§ What to work on
In the entries below, which lines run from the one with "Broschyrstället kan användas" through the one with "Adorable Elton John"? Repeat exactly those, both included, and no pictures.

§ Entries shown
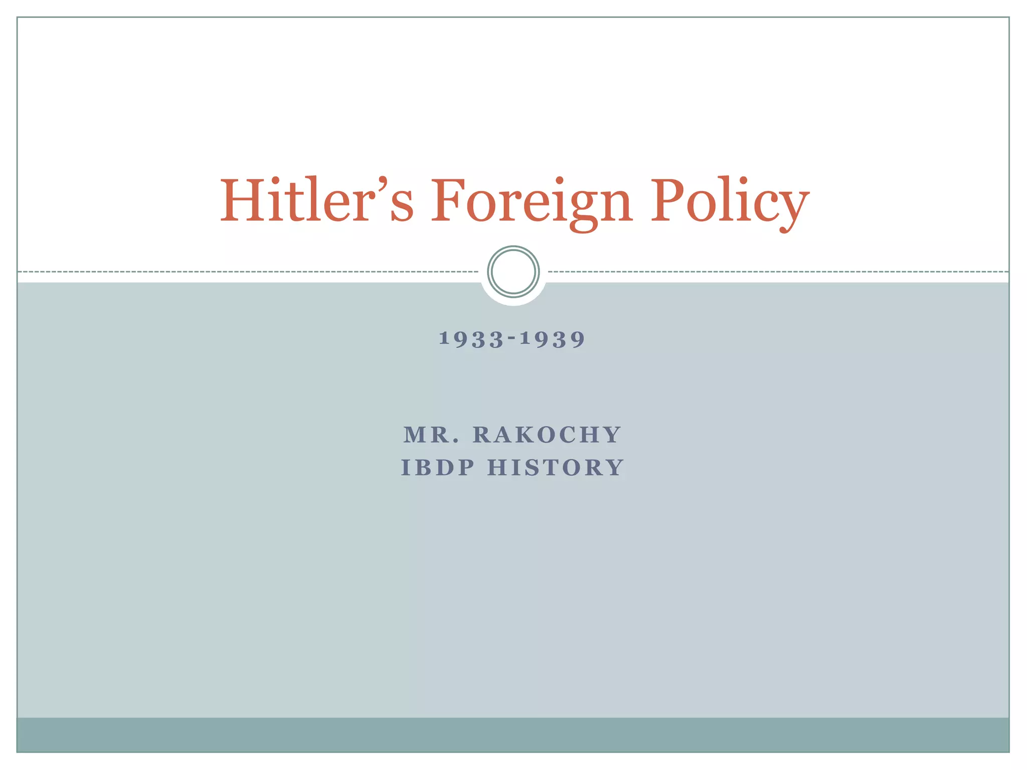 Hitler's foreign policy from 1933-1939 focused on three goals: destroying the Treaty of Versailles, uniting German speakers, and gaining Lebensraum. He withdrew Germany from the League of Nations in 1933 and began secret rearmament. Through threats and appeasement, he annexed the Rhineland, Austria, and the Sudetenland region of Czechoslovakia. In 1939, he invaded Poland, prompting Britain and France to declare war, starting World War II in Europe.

--

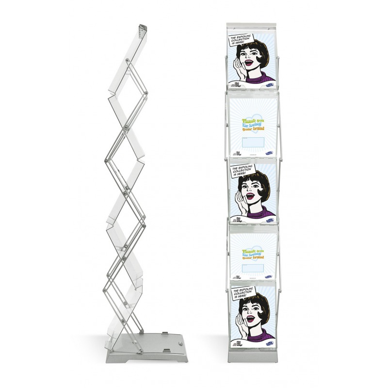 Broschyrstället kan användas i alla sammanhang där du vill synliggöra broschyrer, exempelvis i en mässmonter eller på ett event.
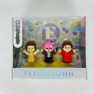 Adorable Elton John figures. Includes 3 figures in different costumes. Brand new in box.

§ Exercise output
 Broschyrstället kan användas i alla sammanhang där du vill synliggöra broschyrer, exempelvis i en mässmonter eller på ett event.
 Adorable Elton John figures. Includes 3 figures in different costumes. Brand new in box.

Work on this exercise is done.